**What is expected:** After removing every image, reproduce the data exactly as it appears.

**Supplied material:**

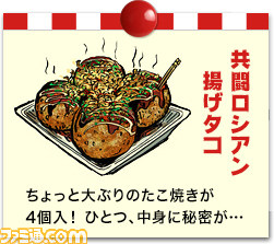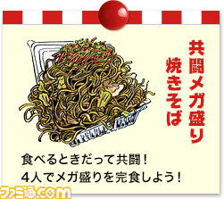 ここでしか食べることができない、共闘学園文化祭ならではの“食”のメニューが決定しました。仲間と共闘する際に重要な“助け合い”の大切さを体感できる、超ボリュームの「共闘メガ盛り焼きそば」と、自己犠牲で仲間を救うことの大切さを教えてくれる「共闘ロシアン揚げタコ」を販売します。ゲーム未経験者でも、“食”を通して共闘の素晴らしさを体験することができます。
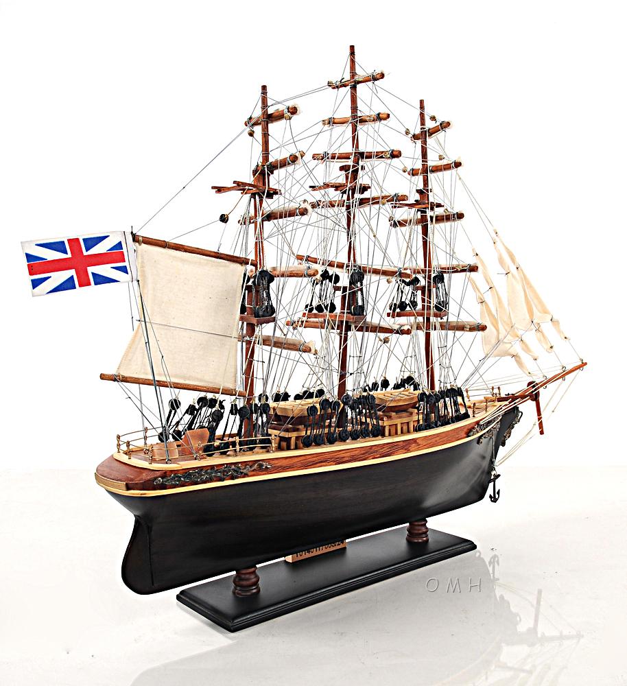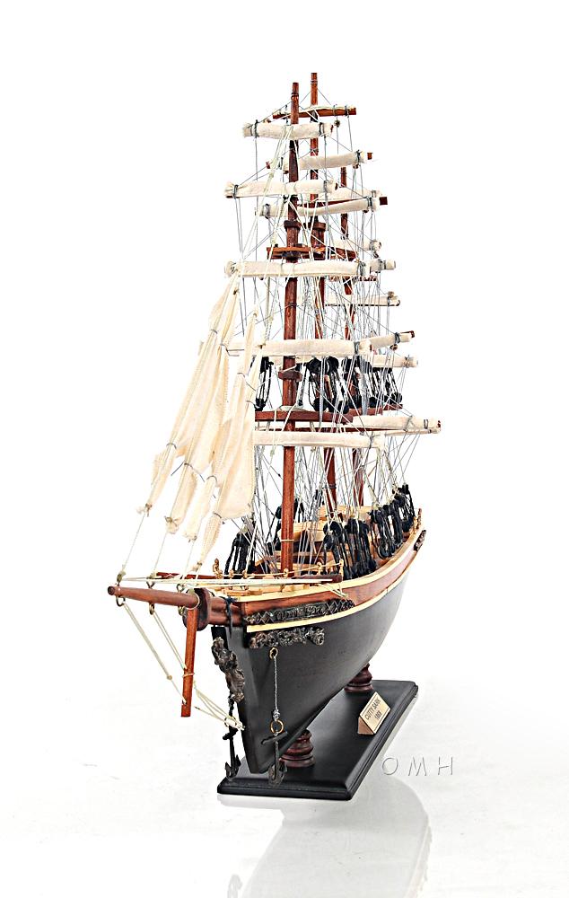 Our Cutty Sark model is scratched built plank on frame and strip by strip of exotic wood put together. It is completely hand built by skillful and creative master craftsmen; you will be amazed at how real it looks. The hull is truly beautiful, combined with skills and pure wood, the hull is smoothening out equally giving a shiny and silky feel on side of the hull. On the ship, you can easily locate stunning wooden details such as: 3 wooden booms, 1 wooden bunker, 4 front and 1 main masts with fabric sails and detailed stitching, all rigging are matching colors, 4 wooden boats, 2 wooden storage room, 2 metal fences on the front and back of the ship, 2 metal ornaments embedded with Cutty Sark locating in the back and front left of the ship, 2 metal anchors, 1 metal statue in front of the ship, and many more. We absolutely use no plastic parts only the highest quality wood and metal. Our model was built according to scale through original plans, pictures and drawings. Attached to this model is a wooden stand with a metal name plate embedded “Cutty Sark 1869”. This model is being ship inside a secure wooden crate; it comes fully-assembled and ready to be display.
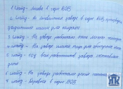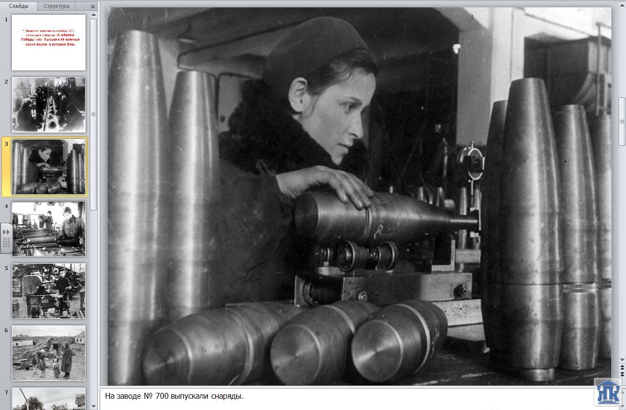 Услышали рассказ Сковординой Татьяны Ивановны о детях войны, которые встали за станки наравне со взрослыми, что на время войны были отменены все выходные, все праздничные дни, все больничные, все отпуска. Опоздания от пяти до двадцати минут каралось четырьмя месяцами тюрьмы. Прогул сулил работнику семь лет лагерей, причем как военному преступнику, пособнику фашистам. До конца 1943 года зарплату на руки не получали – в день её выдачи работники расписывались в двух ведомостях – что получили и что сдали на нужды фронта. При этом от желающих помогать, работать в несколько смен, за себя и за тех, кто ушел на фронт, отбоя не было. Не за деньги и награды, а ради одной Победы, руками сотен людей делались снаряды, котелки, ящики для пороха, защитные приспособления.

**Answer to this problem:**
 ここでしか食べることができない、共闘学園文化祭ならではの“食”のメニューが決定しました。仲間と共闘する際に重要な“助け合い”の大切さを体感できる、超ボリュームの「共闘メガ盛り焼きそば」と、自己犠牲で仲間を救うことの大切さを教えてくれる「共闘ロシアン揚げタコ」を販売します。ゲーム未経験者でも、“食”を通して共闘の素晴らしさを体験することができます。
 Our Cutty Sark model is scratched built plank on frame and strip by strip of exotic wood put together. It is completely hand built by skillful and creative master craftsmen; you will be amazed at how real it looks. The hull is truly beautiful, combined with skills and pure wood, the hull is smoothening out equally giving a shiny and silky feel on side of the hull. On the ship, you can easily locate stunning wooden details such as: 3 wooden booms, 1 wooden bunker, 4 front and 1 main masts with fabric sails and detailed stitching, all rigging are matching colors, 4 wooden boats, 2 wooden storage room, 2 metal fences on the front and back of the ship, 2 metal ornaments embedded with Cutty Sark locating in the back and front left of the ship, 2 metal anchors, 1 metal statue in front of the ship, and many more. We absolutely use no plastic parts only the highest quality wood and metal. Our model was built according to scale through original plans, pictures and drawings. Attached to this model is a wooden stand with a metal name plate embedded “Cutty Sark 1869”. This model is being ship inside a secure wooden crate; it comes fully-assembled and ready to be display.
 Услышали рассказ Сковординой Татьяны Ивановны о детях войны, которые встали за станки наравне со взрослыми, что на время войны были отменены все выходные, все праздничные дни, все больничные, все отпуска. Опоздания от пяти до двадцати минут каралось четырьмя месяцами тюрьмы. Прогул сулил работнику семь лет лагерей, причем как военному преступнику, пособнику фашистам. До конца 1943 года зарплату на руки не получали – в день её выдачи работники расписывались в двух ведомостях – что получили и что сдали на нужды фронта. При этом от желающих помогать, работать в несколько смен, за себя и за тех, кто ушел на фронт, отбоя не было. Не за деньги и награды, а ради одной Победы, руками сотен людей делались снаряды, котелки, ящики для пороха, защитные приспособления.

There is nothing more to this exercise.